[Opening Given information section]

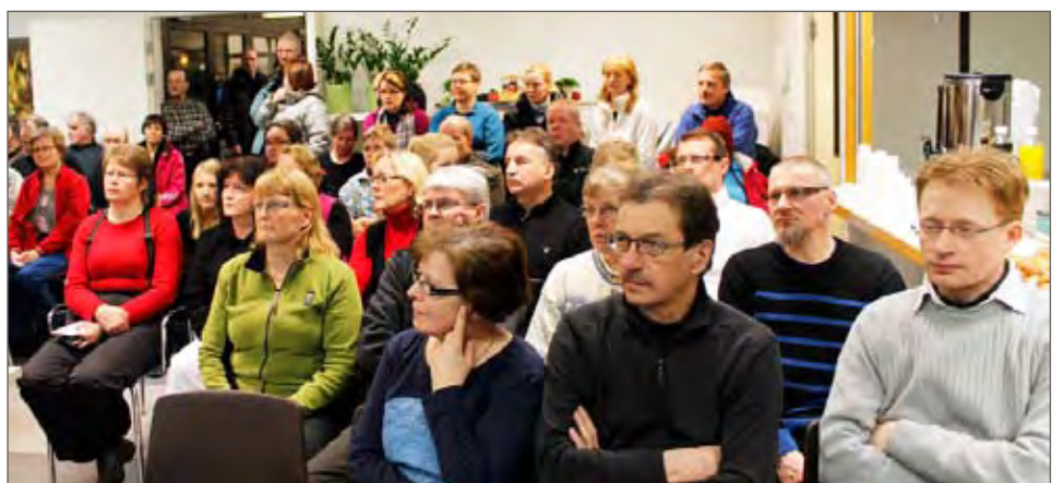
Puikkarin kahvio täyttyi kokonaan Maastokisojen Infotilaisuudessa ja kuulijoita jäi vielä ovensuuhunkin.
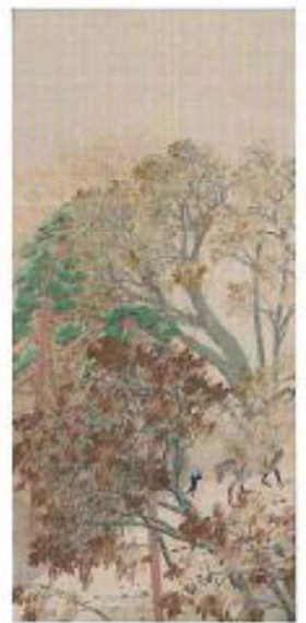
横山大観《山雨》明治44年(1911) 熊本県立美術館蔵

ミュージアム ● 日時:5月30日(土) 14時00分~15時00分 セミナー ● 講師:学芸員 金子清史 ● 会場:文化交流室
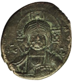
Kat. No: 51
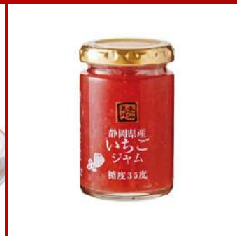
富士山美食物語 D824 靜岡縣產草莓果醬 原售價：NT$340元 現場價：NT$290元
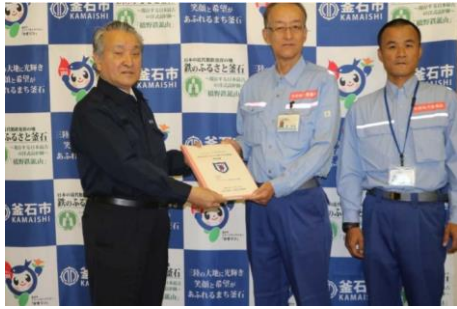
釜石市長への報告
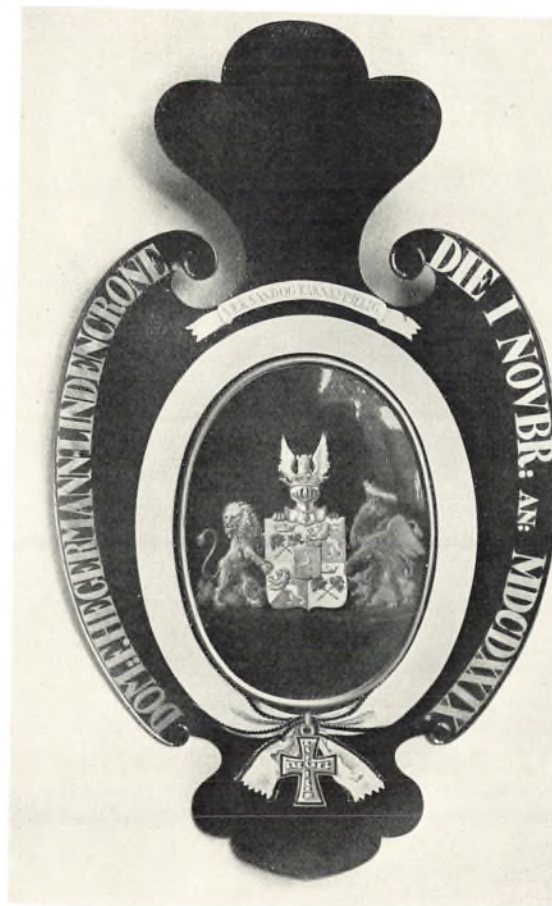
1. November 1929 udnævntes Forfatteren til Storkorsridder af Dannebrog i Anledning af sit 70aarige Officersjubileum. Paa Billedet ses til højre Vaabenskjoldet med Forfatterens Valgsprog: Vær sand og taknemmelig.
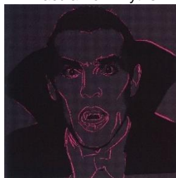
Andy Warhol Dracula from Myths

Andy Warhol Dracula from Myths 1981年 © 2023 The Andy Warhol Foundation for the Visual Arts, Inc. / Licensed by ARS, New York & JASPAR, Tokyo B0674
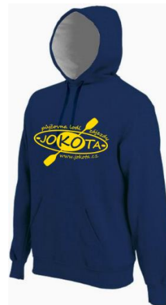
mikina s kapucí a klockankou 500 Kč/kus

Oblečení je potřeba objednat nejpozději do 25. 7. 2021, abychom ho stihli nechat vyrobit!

[Closing Given information section]

_Try it_
Copy from the entries only those lines that hold the word "Dracula".

_Response for this exercise_
Andy Warhol Dracula from Myths
Andy Warhol Dracula from Myths 1981年 © 2023 The Andy Warhol Foundation for the Visual Arts, Inc. / Licensed by ARS, New York & JASPAR, Tokyo B0674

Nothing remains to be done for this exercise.